Most adventure games, to keep the parser simple, might just have some simple rules, which accepts verb + noun or a cardinal direction, and simple things like that. That's almost a CFG, so in Backus-Naur Form, a simple parser might look like:
s => D
s => VERB
s => VERB object
object => NOUN
object => ADJ NOUN
ADJ => {red, big, sharp, wooden}
NOUN => {stick, sword, mailbox, goon}
VERB => {take, fight, open, ...}
D => {north, east, south, west}
Empirically, this is the kind of parser that many adventure games had in them, to accept simple sentences like open mailbox or north or take wooden sword or exit. That works well enough, and doesn't take much more memory than the list of words. It's essentially the same grammar as a very primitive computer language like an assembler, just with English words.
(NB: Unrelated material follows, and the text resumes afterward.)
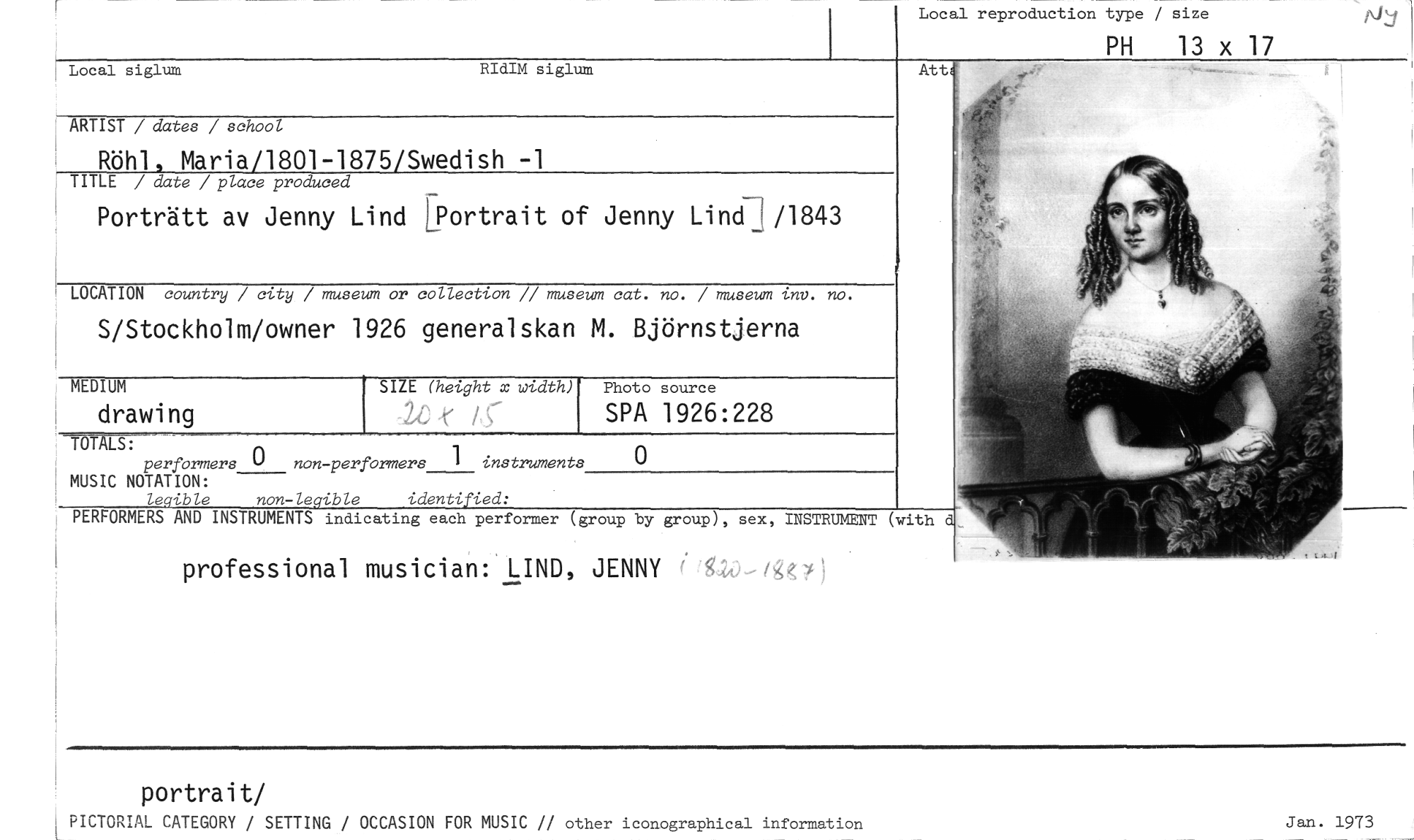 //// Local reproduction type / size //// PH 13 x 17 //// Local siglum RIdIM siglum //// Att //// ARTIST / dates / school //// Röhl, Maria/1801-1875/Swedish -1 //// TITLE / date / place produced //// Porträtt av Jenny Lind [Portrait of Jenny Lindi /1843 //// LOCATION country / city / museum or collection // museum cat. no. / museum inv. no. //// S/Stockholm/owner 1926 generalskan M. 8jörnstjerna //// -TOTALS: //// performers 0 //// MUSIC NOTATION: //// legible non-legible identified: //// PERFORMERS AND INSTRUMENTS indicating each performer (group by group), sex, INSTRUMENT (with d //// 0 //// 1 //// non-performers //// instruments //// professional musician: LIND, JENNY /S4,0—iggl) //// portrait/ //// PICTORIAL CATEGORY / SETTING / OCCASION FOR MUSIC // other iconographical information //// Jan. 1973 //// MEDIUM //// drawing //// Photo source //// SPA 1926:228 //// SIZE (height x width) //// ze [(,-- ////

Now when the Hobbit came out, for the ZX Spectrum (it needed the 48K version), it had a much more advanced parser, allowing it to accept sentences in an impressive subset of English which they called Inglish, like "ask Gandalf about the curious map then take sword and kill troll with it. That's some tricky pronoun resolution right there (did you mean to kill the troll with the sword, or the mapinstrumental? Or even with Gandalf or the trollcomitative?
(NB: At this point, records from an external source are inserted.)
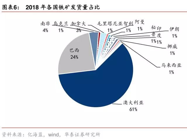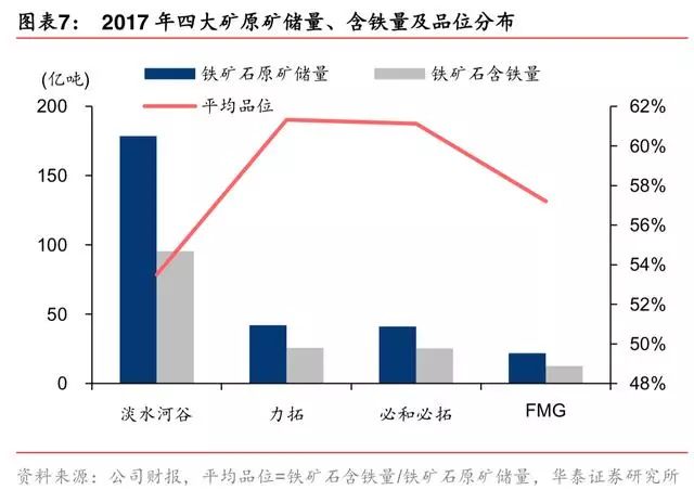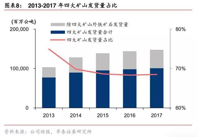 2017年四大矿山发货量占比 69%。据 wind,2017 年四大矿铁矿产量 11 亿吨,产量、 发货量占比分别为 45%、69%。四大矿是全球主流矿商,大型钢厂均使用力拓 PB 粉、块。
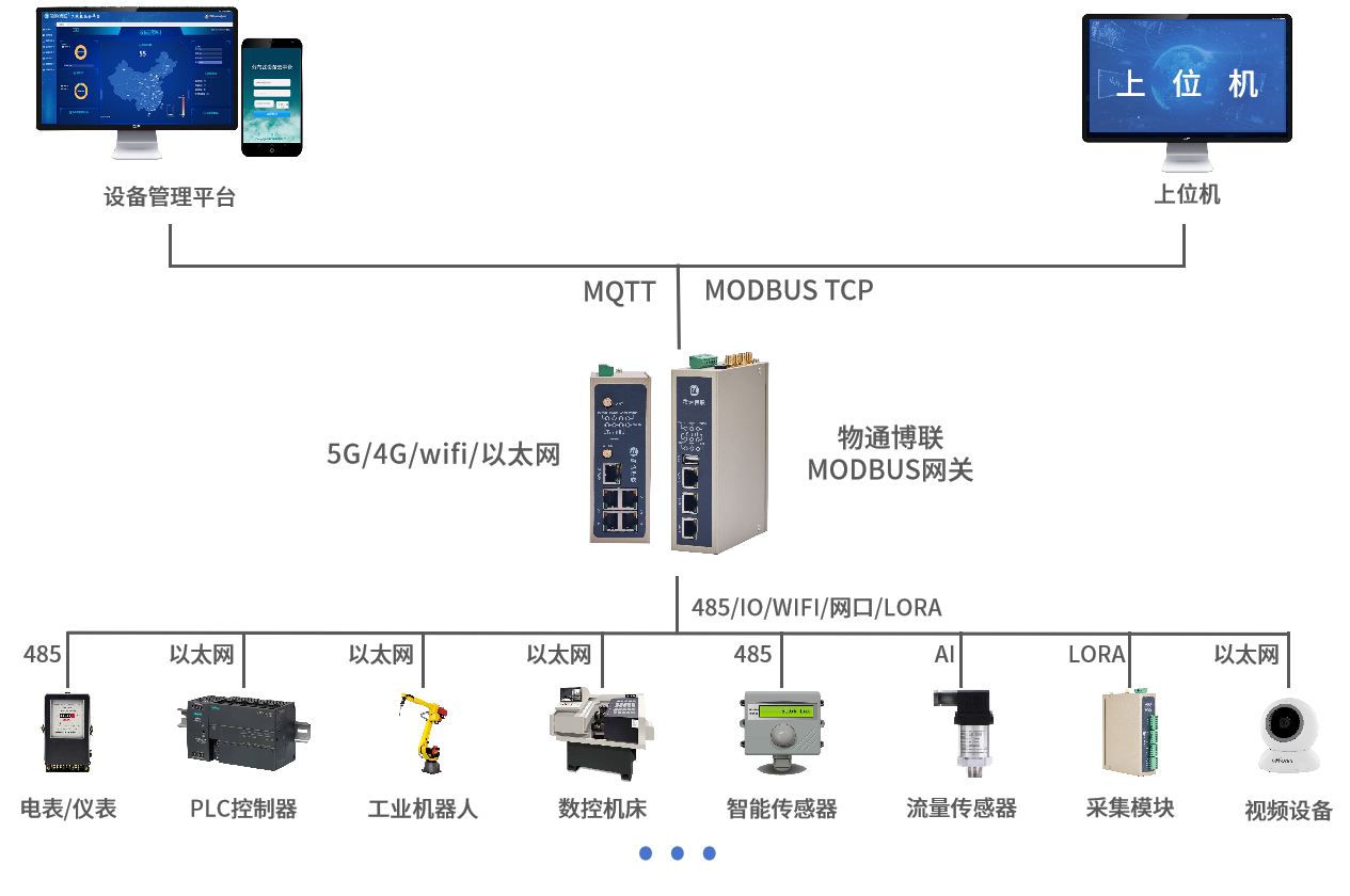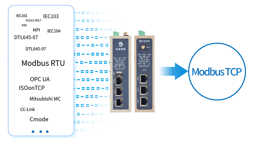 物通博聯(lián)Modbus網(wǎng)關(guān)是一款支持采集各種Modbus RTU和Modbus TCP協(xié)議設(shè)備的數(shù)據(jù),經(jīng)過網(wǎng)關(guān)的邊緣計算和數(shù)據(jù)標(biāo)準(zhǔn)化后通過MQTT協(xié)議上傳到各種云平臺和軟件;同時支持將各種非Modbus協(xié)議的工業(yè)設(shè)備數(shù)據(jù)(如PLC、儀器儀表、傳感器等)轉(zhuǎn)化為Modbus 協(xié)議對接給上位機(jī)軟件或者平臺實(shí)現(xiàn)數(shù)據(jù)互通互聯(lián)。
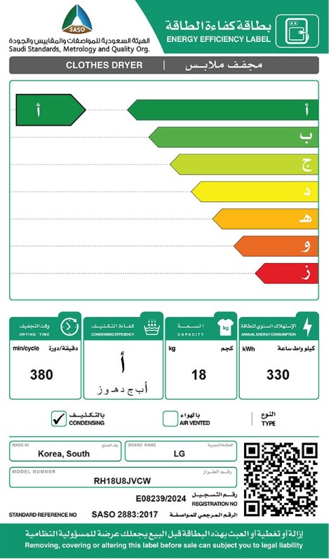 نشاف ال جي مكثف 18 كيلو مستشعر تجفيف ThinQ استيل اسود كفاءة أ - RH18U8JVCW
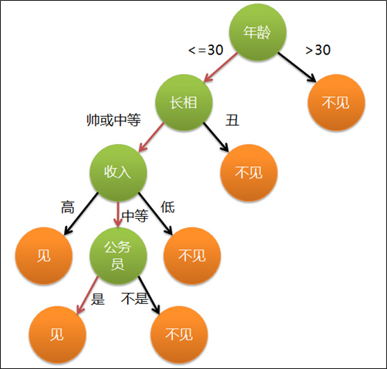 图中红色箭头表示了上面例子中女孩的决策过程。这幅图基本可以算是一颗决策树,说它”基本可以算“是因为图中的判定条件没有量化,如收入高中低等等,还不能算是严格意义上的决策树,如果将所有条件量化,则就变成真正的决策树了。
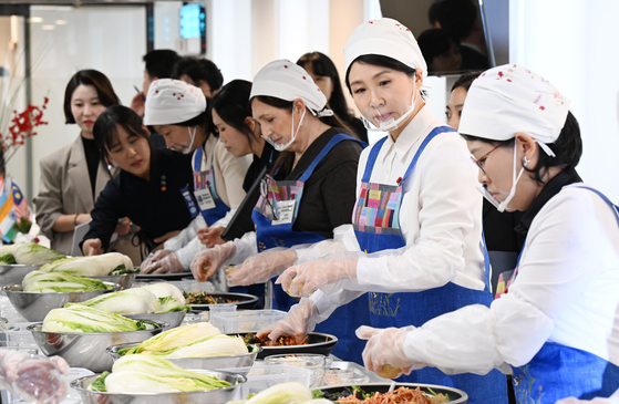 김혜경 여사(오른쪽 둘째)가 9일 서울 종로구 북촌 한식문화공간 ‘이음’에서 주한 외국 대사 배우자들과 함께 김장을 하고 있다. 이날 행사에는 일본·영국·프랑스·캐나다·태국·인도·아르헨티나·호주 등 11개국 대사의 배우자가 참석했다. [사진 대통령실사진기자단]
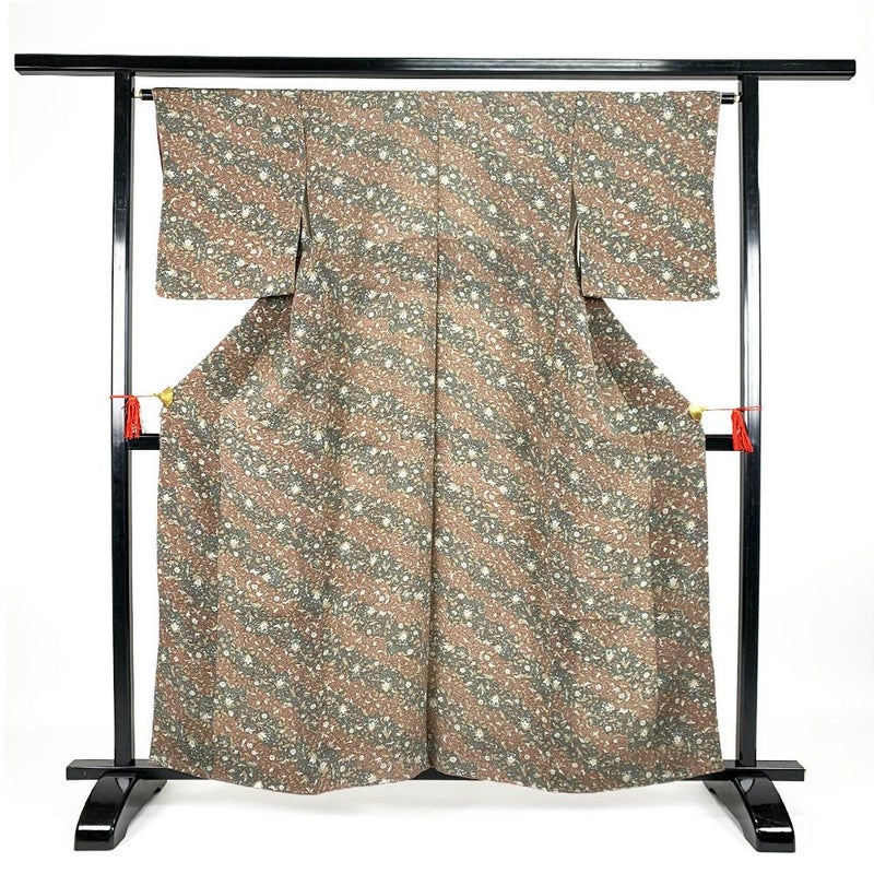 (中古)小紋 緑地 草花 総柄 ちりめん 道長取り 唐花 袷 S【身丈】156.5cm【裄丈】66.5cm

Also, if you don't give the object, the dialogue might go something like this:
> OPEN
Open what?
> ALL
You open the green door. You open the chest and a bat flies out. Gandalf closes the chest.
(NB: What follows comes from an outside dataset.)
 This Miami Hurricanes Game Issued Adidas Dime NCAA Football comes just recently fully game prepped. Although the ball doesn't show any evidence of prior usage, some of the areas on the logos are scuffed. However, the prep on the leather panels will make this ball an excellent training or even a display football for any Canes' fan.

... which means that context is stored in between each entry (in order that the game knows what to do to all), and it also means that there is a one-to-many mapping between pronoun and object.
I'm impressed that this all fits into 48K, which also houses input-output routines (for some reason the game didn't use the ones in ROM), plenty of graphics, all characters, objects and prose, etc.
How did this parser work, to allow it to be so small, and yet understand such intricate syntax?
1 Instrumental means "using the thing to accomplish the task" 2 Comitative means "accomplishing the task together with someone". It's an ambiguity in the English word "with".